Die Kameraden der Winterberger Feuerwehr leuchteten unter der Einsatzleitung von Zugführer Tim Braun die Einsatzstelle großräumig aus und pumpten aus einem der beiden Tanks mehrere hundert Liter Kraftstoff ab. Der Tank war beim Unfall aufgeschlagen und nur so konnte die Feuerwehr rasch eine größere Umweltgefahr verhindern, auch wenn das Andere vor Ort nicht nachvollziehen konnten.

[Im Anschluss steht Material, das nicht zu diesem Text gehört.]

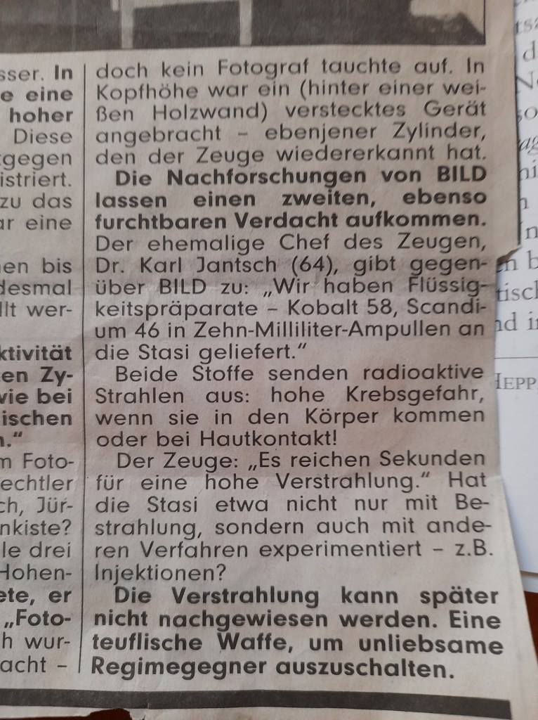 Wie das immer so ist: Gerade wollte ich mein Bücherchaos beseitigen, und anschließend über unsere mittelalterlichen Städte aus der Reihe „deutsche Geschichte berichten, da fällt mir dieser Zeitungsausschnitt „Das Geheimnis der Stasi-Strahlen-Kiste ins die Hände.

Nachdem der Diesel abgepumpt und aufgefangen worden war, kam auch der Landesbetrieb Straßen zum Einsatz. In guter Zusammenarbeit mit der Feuerwehr wurden die vom Lkw zerstörten Leitplanken und die Pfosten klein geschnitten und mittels Greifzange auf den Baustellen Laster geladen, um die spätere Bergung durch ein Spezialunternehmen vorzubereiten. Außerdem stellte die Feuerwehr den Brandschutz sicher und leitete den Verkehr an der Unfallstelle vorbei, solange noch kein schweres Gerät des Bergungsunternehmens eingetroffen war, was die ganze Breite der drei Fahrspuren benötigte.

Warum der Lkw von der Fahrbahn abgekommen und in die Böschung gestürzt war, war zunächst unklar. Möglicherweise könne er von einer Sturmböe erfasst worden sein, hieß es vor Ort.

Der Einsatz von Feuerwehr, Landesbetrieb Straßen NRW und Bergungsunternehmen dauert derzeit noch an. Der Verkehr wird aktuell über Ampeln an der Unfallstelle vorbeigeleitet, im weiteren Verlauf wird aber eine längere Vollsperrung nötig werden.